If a consumer feels that inflation is going to steadily make its way back to two per cent and push the Bank of Canada to begin cutting rates, a shorter-term loan, such as a one- to three-year term, or a variable-rate mortgage could work well.
He said consumers who opt for a fixed-rate mortgage with a shorter term will pay more in interest than those that choose a long-term fixed-rate loan. Homeowners have to be strategic in choosing the type of mortgage to make sure they're able to save money, he said.
For a homeowner who believes inflation and interest rates are going to remain high, a five-year fixed rate would be the safer option, he said.
"No one should take a variable rate unless they have financial flexibility in their budget," Laird said.
What does the inflation data mean for my household budget?

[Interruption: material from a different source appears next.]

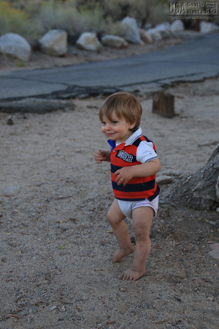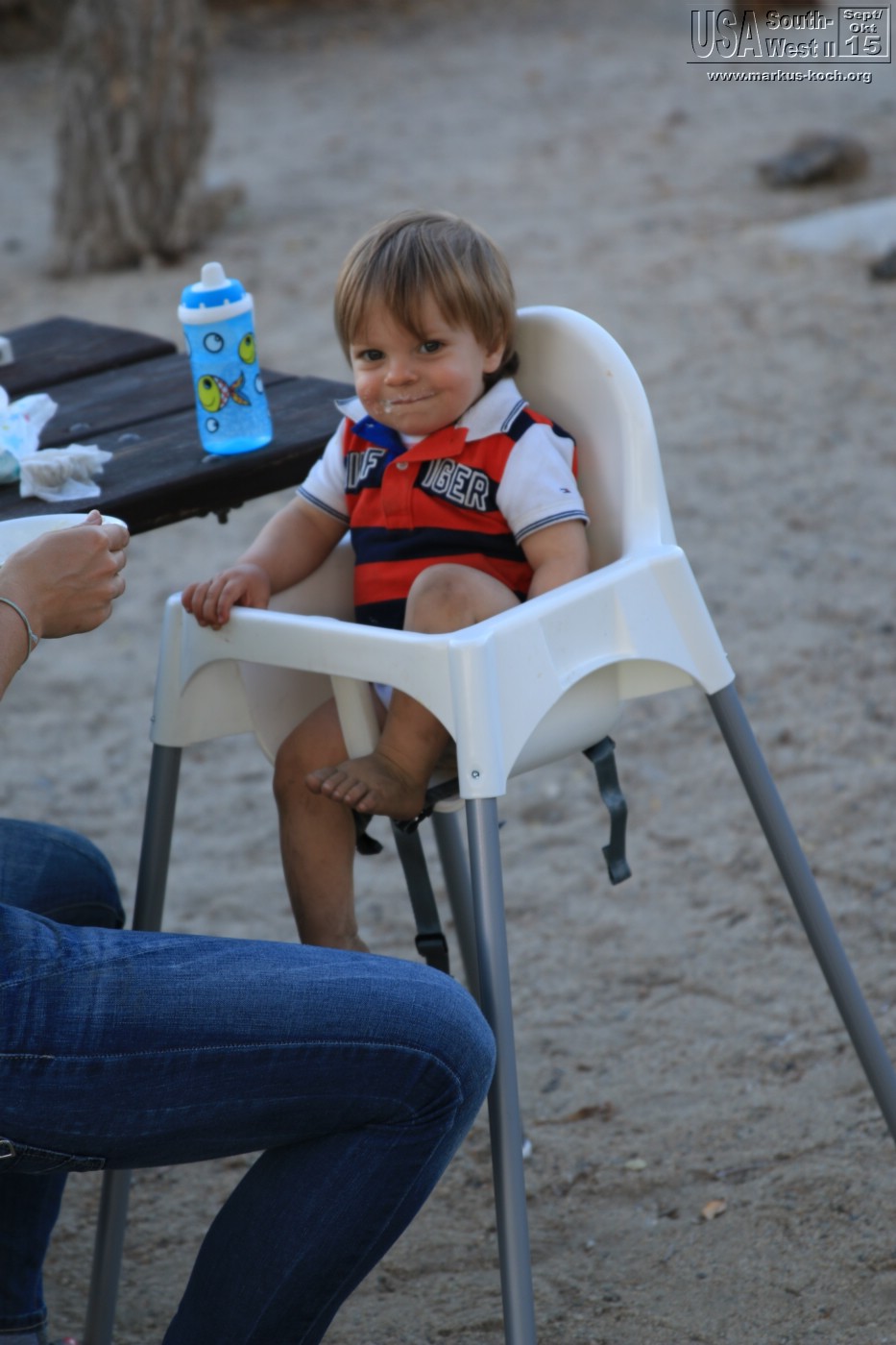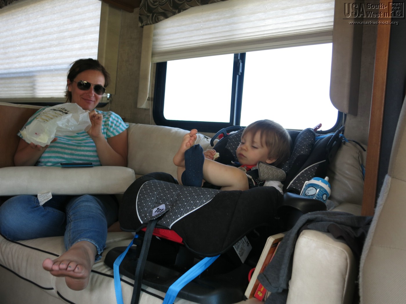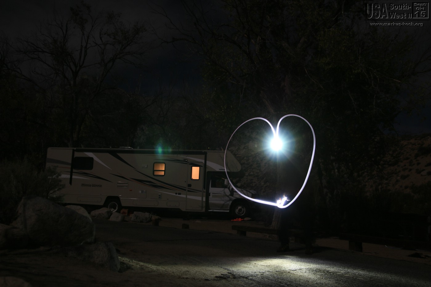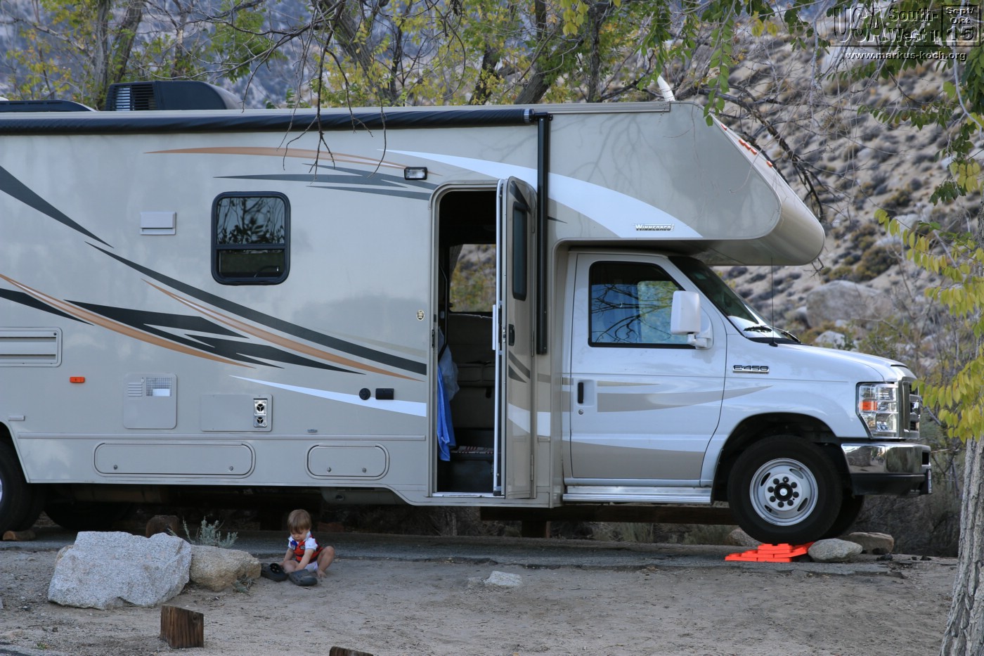Durch Bishop und Lone Pine ging es durch die Alabama Hills auf direktem Weg zu unserem CG Lone Pine. Nach dem wir das RV gelevelt hatten konnten wir die Natur genießen. Hinter unserem RV ein Bach. Dann die Gebirgskette des höchsten Berges Mt. Whitney (4.400 m) der USA (außer Alaska). Bei Lagerfeuer grillten wir mal wieder lecker Burger und haben die Abendstimmung des Vollmondes absolut genossen. Luca bekam seinen Gute Nacht Brei Outdoor, nachdem er die Site halb umgewühlt hatte 😉

The latest numbers don't suggest Canadians will get a respite, Laird said. Things aren't aggressively getting more expensive nor are they getting significantly cheaper, he added.
While grocery prices rose faster than overall inflation, Statistics Canada said the pace continued to slow. Grocery prices were up 5.4 per cent year-over-year in October compared with a 5.8 per cent move higher in September.
"I think Canadians are feeling quite stretched and it doesn't matter whether it is their mortgage renewal, grocery bill or cost of going on vacation," he said. "Everything is just more expensive than it was."
The continued cost of living could also leave homeowners with less wiggle room in their budgets to handle higher payments upon their mortgage renewal.